Именно это принципиальное положение и должен был в первую очередь проверить долгосрочный эксперимент, который начала в феврале 1988 года группа сотрудников Университета штата Мичиган во главе с профессором Ричардом Ленски. Они взяли культуру конкретного штамма уже знакомых нам бактерий Escherichia coli (кишечная палочка — вообще один из самых любимых объектов молекулярной биологии) и посеяли ее в 12 флаконов с раствором, в котором единственным доступным для бактерий питательным веществом была глюкоза. Каждый день из каждого флакона (в котором за сутки успевало смениться 6–7 поколений бактерий, а число их возрастало примерно в 100 раз) забирали сотую часть раствора с бактериями и переливали во флакон со свежей питательной средой. Кроме того, часть бактерий каждого 500-го поколения замораживали в глицерине. В остальном бактерии были предоставлены сами себе. Им предстояло эволюционировать в условиях стабильной среды, в отсутствие каких-либо других видов, конкурируя только друг с другом за единственный ресурс — глюкозу. Ученые никак не влияли на направление отбора и лишь фиксировали изменения в геноме бактерий и в их физиологических и биохимических возможностях. Полезность, вредность или нейтральность той или иной мутации оценивалась по тому, как она влияет на размножение своих носителей: размножаются ли они быстрее, чем их немутантные собратья, медленнее или с той же скоростью. Каждая из 12 экспериментальных линий эволюционировала самостоятельно — перенос бактерий из одной линии в другую исключался. Кроме того, иногда исследователи повторно запускали эволюцию некоторых линий с определенного момента, размораживая и помещая в питательную среду пробы из соответствующего поколения.
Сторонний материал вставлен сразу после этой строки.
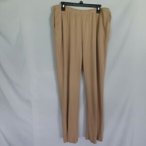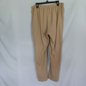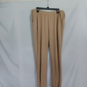 Elegant tan slacks with a relaxed fit. Perfect for any occasion. The inseam is 27 inches and waist to bottom is 41 inches.
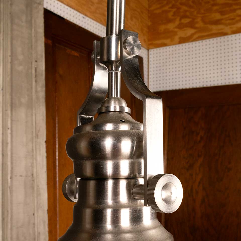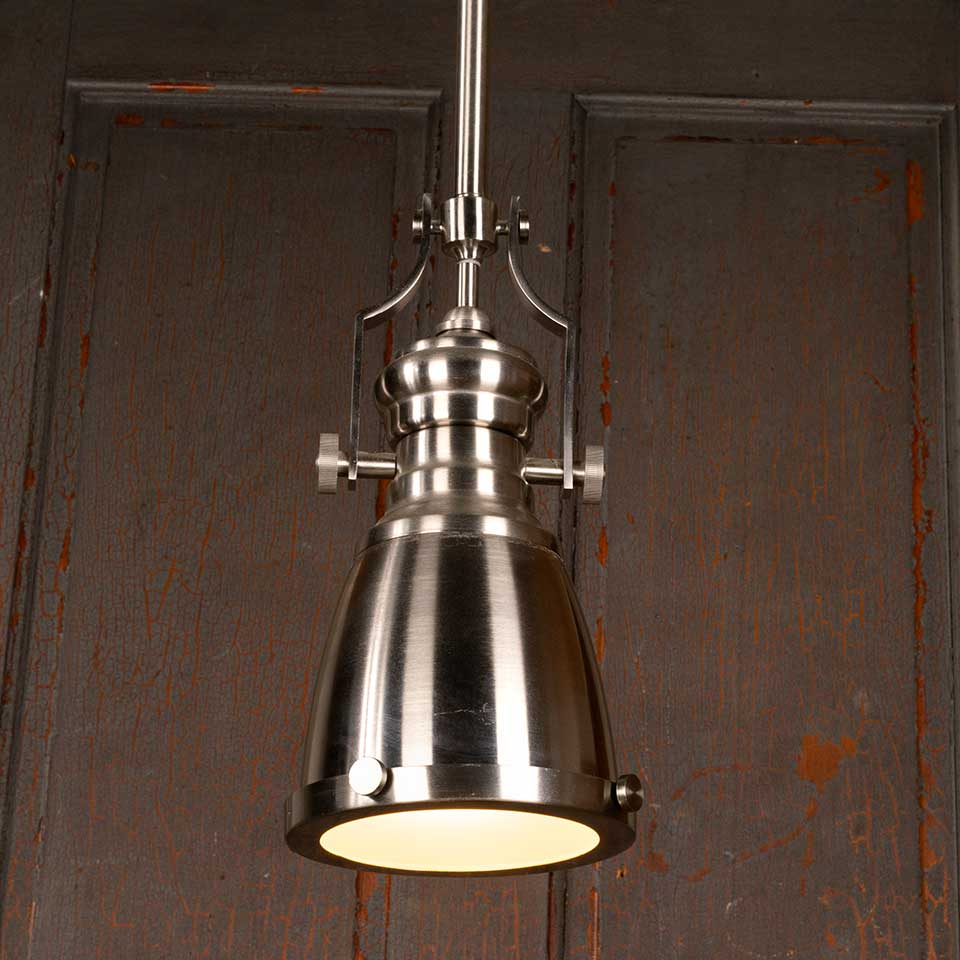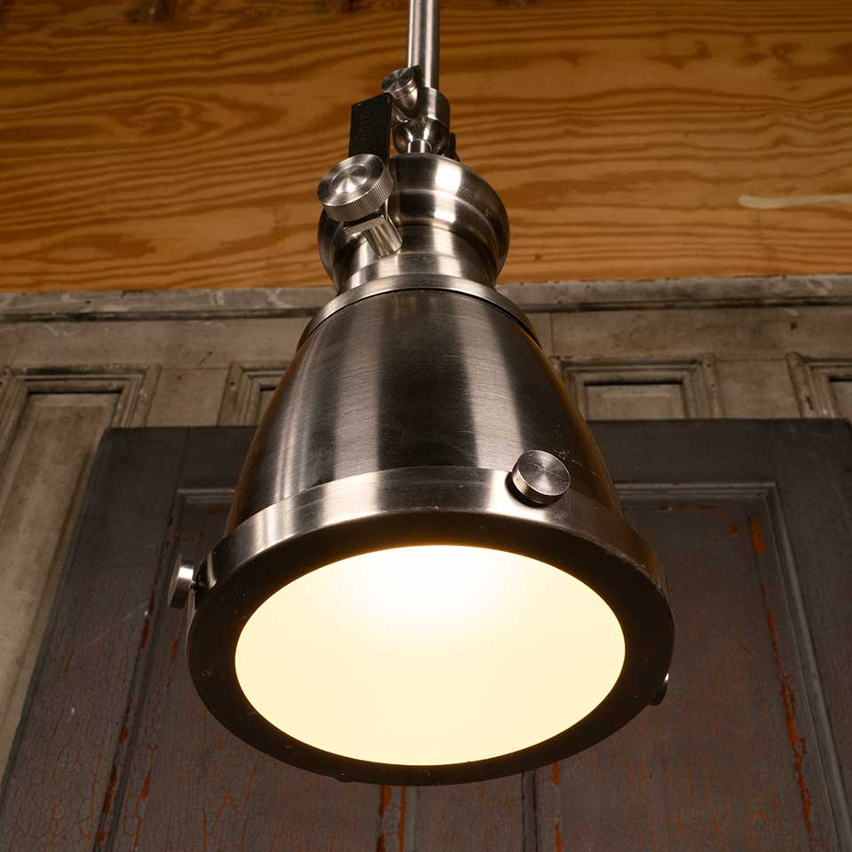 Architectural salvage modern industrial style pendant light fixture measuring approx. 7 3/4" in diameter x 28 1/4" tall. See photos to evaluate condition. Salvaged lighting should be inspected by a licensed electrician prior to installation.

Минимального набора дарвиновских факторов действительно оказалось достаточно для эволюции: во всех 12 линиях бактерии продолжали изменяться, сколько бы поколений ни прошло. Ни одна из линий так и не достигла предполагавшегося некоторыми теоретическими моделями «локального максимума приспособленности» — эволюционного цугцванга, при котором любое дальнейшее изменение оказывается невыгодным. У бактерий Ленски полезные мутации продолжали появляться и через 50 тысяч поколений. А в 6 линиях из 12 в результате поломки генов белков, обеспечивающих удвоение ДНК или/и «исправление опечаток» в ней, резко возросла частота мутаций — любых, но в том числе и полезных.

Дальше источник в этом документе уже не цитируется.